Dataset content
————————

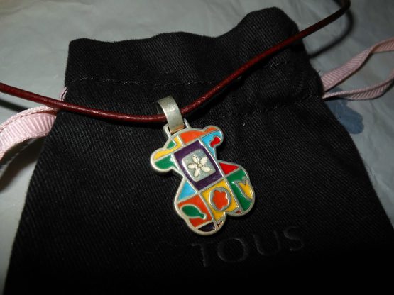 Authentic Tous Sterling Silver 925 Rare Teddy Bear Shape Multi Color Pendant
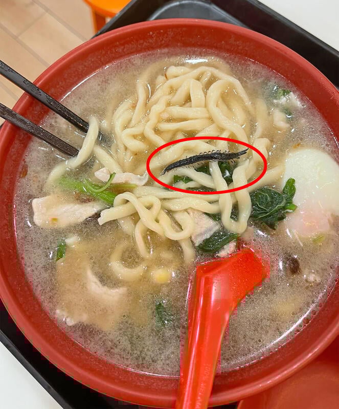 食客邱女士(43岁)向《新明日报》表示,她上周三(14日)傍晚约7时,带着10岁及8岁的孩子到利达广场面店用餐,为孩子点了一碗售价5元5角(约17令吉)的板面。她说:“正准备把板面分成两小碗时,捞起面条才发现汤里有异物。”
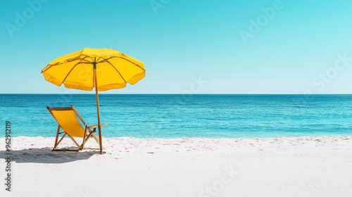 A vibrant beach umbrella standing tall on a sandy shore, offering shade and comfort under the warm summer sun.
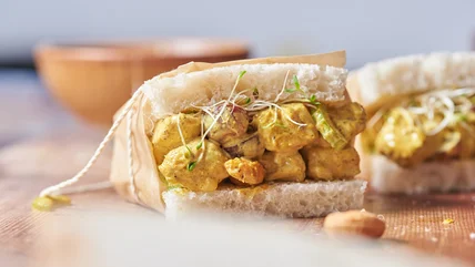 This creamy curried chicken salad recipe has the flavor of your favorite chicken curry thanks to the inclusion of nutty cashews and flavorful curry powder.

————————

What the exercise asks
The listing above must be repeated exactly, apart from the pictures.

Response to this exercise
 Authentic Tous Sterling Silver 925 Rare Teddy Bear Shape Multi Color Pendant
 食客邱女士(43岁)向《新明日报》表示,她上周三(14日)傍晚约7时,带着10岁及8岁的孩子到利达广场面店用餐,为孩子点了一碗售价5元5角(约17令吉)的板面。她说:“正准备把板面分成两小碗时,捞起面条才发现汤里有异物。”
 A vibrant beach umbrella standing tall on a sandy shore, offering shade and comfort under the warm summer sun.
 This creamy curried chicken salad recipe has the flavor of your favorite chicken curry thanks to the inclusion of nutty cashews and flavorful curry powder.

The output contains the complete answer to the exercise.